> [Listed records]:
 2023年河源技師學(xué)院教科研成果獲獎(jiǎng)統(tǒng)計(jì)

==

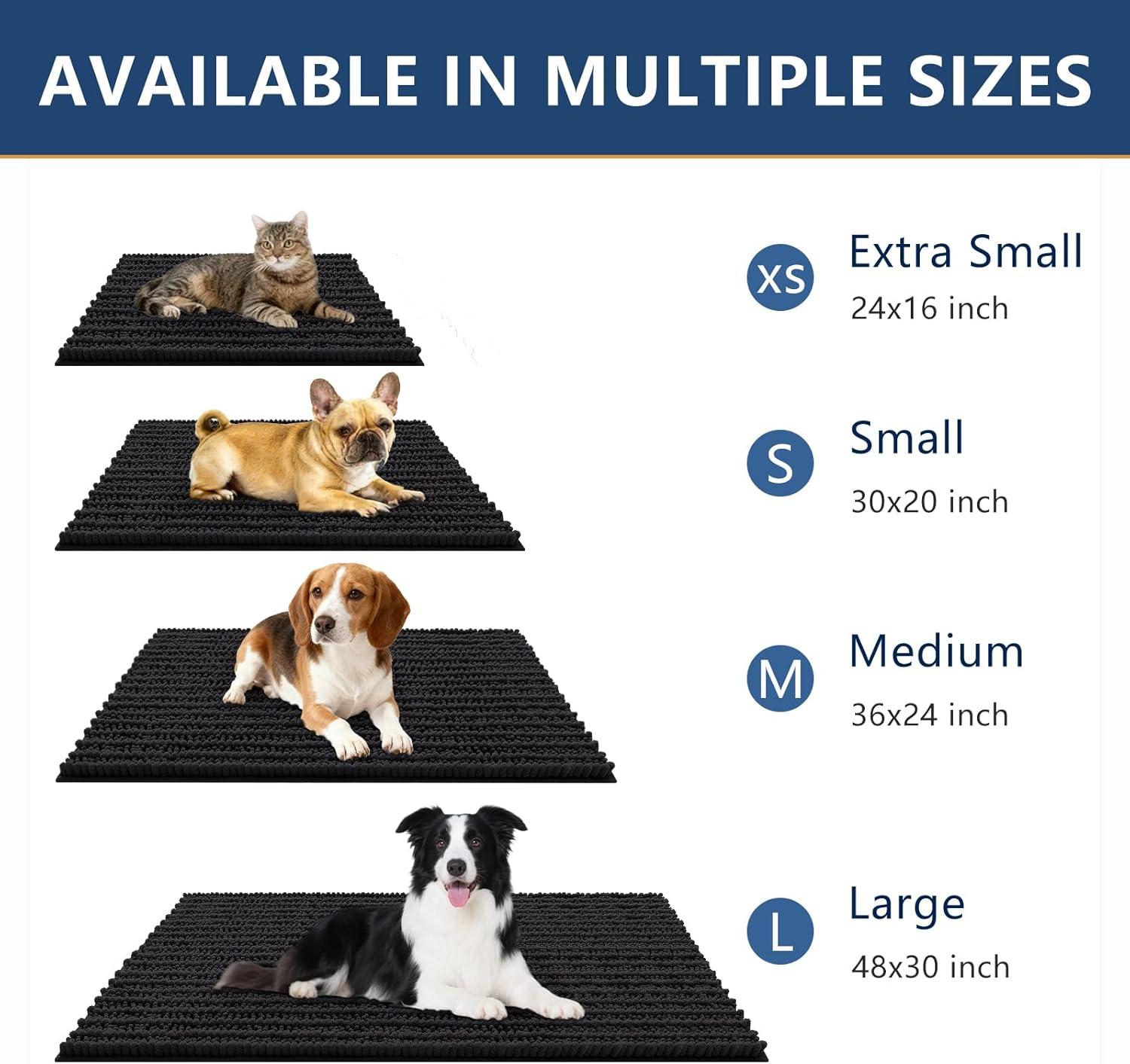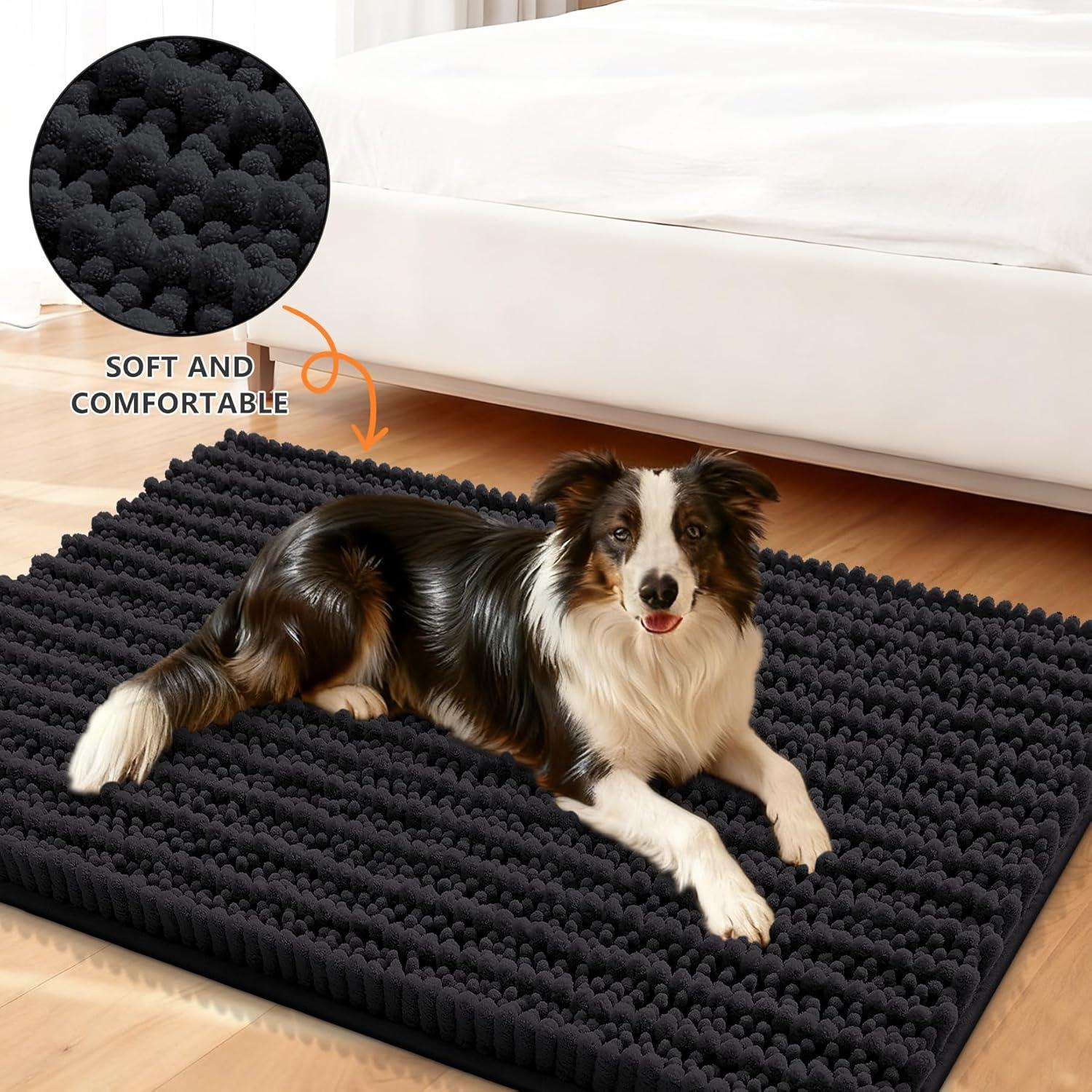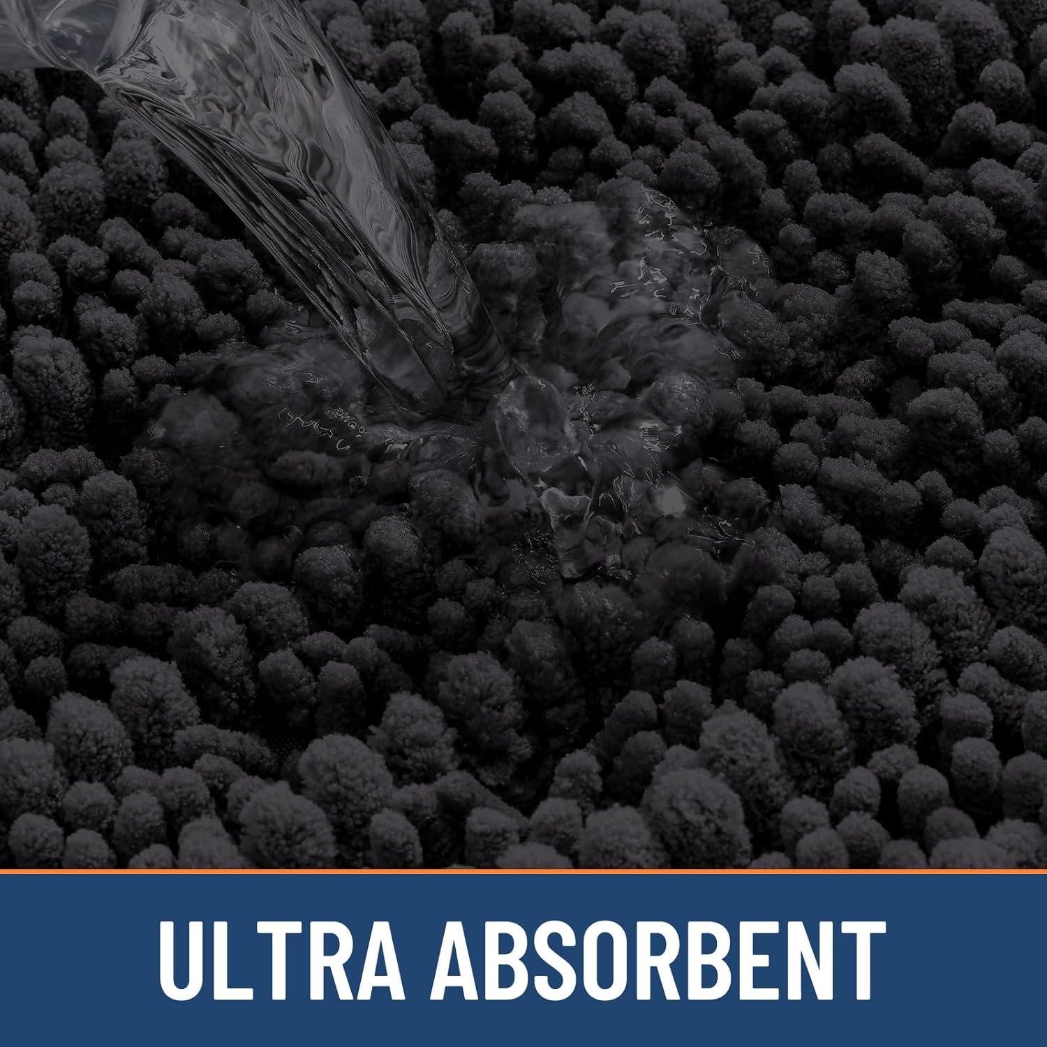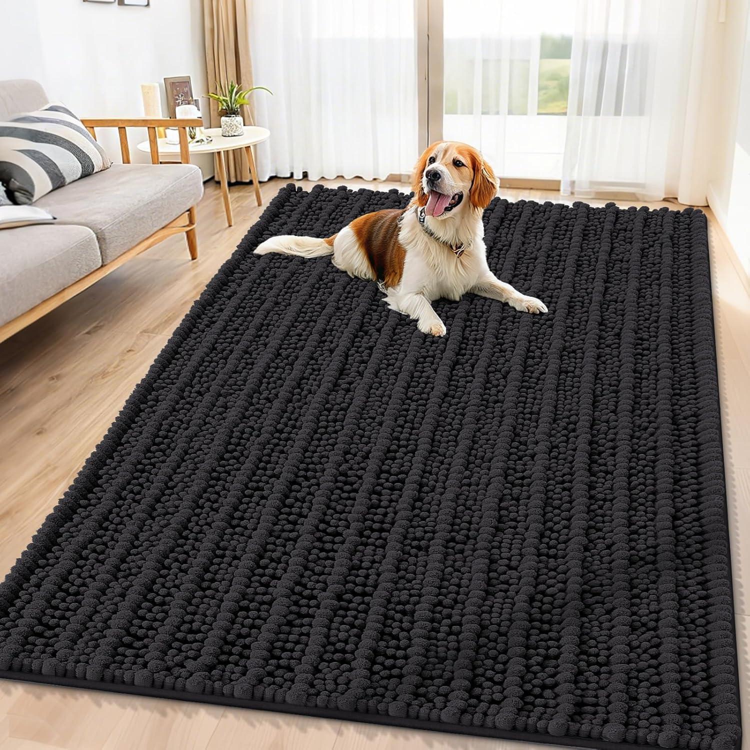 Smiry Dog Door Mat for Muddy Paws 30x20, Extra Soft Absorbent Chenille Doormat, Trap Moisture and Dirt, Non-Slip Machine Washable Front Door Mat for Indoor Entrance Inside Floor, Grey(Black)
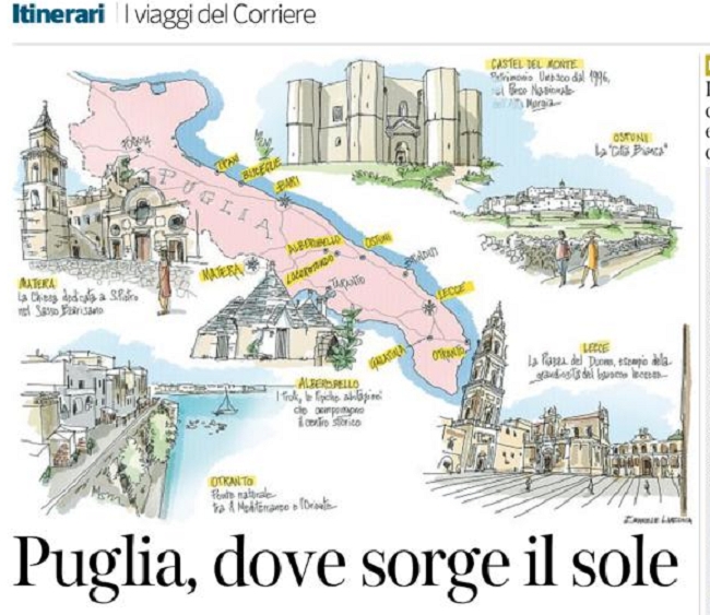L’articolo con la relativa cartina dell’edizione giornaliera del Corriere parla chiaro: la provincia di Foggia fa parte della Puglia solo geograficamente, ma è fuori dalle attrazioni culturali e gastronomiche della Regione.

==

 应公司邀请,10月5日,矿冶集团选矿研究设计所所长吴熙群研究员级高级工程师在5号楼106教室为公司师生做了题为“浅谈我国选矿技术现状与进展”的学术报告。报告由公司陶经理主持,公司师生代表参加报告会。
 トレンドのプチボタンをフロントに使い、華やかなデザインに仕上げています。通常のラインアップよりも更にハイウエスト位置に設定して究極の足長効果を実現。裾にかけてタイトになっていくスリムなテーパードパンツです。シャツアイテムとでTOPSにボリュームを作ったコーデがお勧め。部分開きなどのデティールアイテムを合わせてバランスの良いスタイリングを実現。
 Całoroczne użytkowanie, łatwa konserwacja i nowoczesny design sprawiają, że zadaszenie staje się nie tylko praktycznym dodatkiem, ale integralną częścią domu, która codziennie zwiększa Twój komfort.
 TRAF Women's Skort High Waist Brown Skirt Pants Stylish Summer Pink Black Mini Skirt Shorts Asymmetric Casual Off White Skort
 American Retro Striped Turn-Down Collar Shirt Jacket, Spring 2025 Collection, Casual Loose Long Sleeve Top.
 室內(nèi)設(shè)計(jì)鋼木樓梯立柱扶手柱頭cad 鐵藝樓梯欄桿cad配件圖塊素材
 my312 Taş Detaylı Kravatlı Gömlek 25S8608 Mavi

> [What needs to be done]:
Copy out each line of the records that holds the string "Casual".

> [Reply]:
 TRAF Women's Skort High Waist Brown Skirt Pants Stylish Summer Pink Black Mini Skirt Shorts Asymmetric Casual Off White Skort
 American Retro Striped Turn-Down Collar Shirt Jacket, Spring 2025 Collection, Casual Loose Long Sleeve Top.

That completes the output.